I have heard good things about those chain mail gloves, especially for butchering but... by the time you spend the money on the glove, you could have bought a real french mandoline for half the price. Mandolines are to v slicers as Ferraris are to Yugos. And you won't need any protection to use it.


----------



## BubbaGourmet (Feb 25, 2004)

I do not advise using a French mandolie without hand protection. Even seasoned chefs have cut themselves terribly on them. I have one and learned the hard way to use the shield...you _need_ fingertips to play guitar!


----------



## scott123 (Feb 25, 2004)

> I do not advise using a French mandolie without hand protection.



Neither am I. I'm just saying you don't need $130 gloves.  You just use the shield.


----------



## Essie (Feb 25, 2004)

Thanks all for you help. I will really try to learn to use the shield. Right now, it seems very awkward to me


----------



## kitchenelf (Feb 25, 2004)

Like scott123 said - I would rather spend my money on a mandolin of excetional quality - using the shield that comes with it - than using a "V" slicer - I'm guessing but is it made of plastic?  I have had both and I found that the plastic bends, thereby causing you to press even more firmly.  The stainless mandolin doesn't give at all and has several blades and a very controlled thinness or thickness - the "V" slicer I had had set blade heights of which I had no control.

The big difference - other than the materials used - is also in the safety guide.  Check out the Bron versus the "V" guides Bron - V Slicer

The Bron closes down ON the food you are slicing and has a "frame" around the food and your fingers not exposed to the blade at all, the V slicer requires you to actually press down on the food while holding the guide - hoping it doesn't slip, and you know the rest...


----------



## BubbaGourmet (Feb 25, 2004)

Sorry Scott, I misunderstood what you were saying.
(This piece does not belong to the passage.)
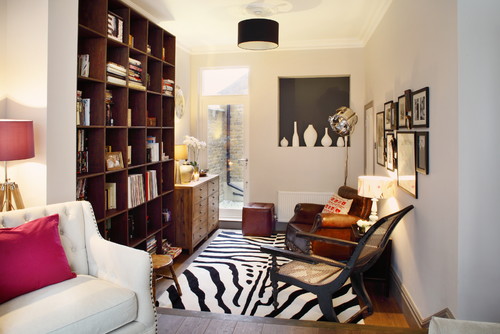 茶色レザーの一人掛けソファ、黒のチェア、黒×ホワイトのアニマルっぽい柄のラグのリビングに、黒のシェードの円柱型ペンダント照明を吊り下げた例。

I agree that $130 dollar gloves are a bit much. Now, are they any different than the fish cleaning gloves you caqn buy from sporting godds places for about 20 bucks?


----------



## sugrmag (Mar 10, 2004)

...i was going to suggest an oyster shucking glove or some other thick/multi layer heavy canvas...


----------



## Essie (Mar 15, 2004)

I have been carefully practicing with and without the guard and I am getting pretty good. I am being very careful near the end. I just finished slicing cucumbers paper thin and not pieces of me went into the bowl. 
Thanks all again.


----------



## kitchenelf (Mar 15, 2004)

^5  (high 5) Essie!!!!  It's hard to pass on a recipe that everyone thinks is soooooo good if it's got pieces of you in it!


----------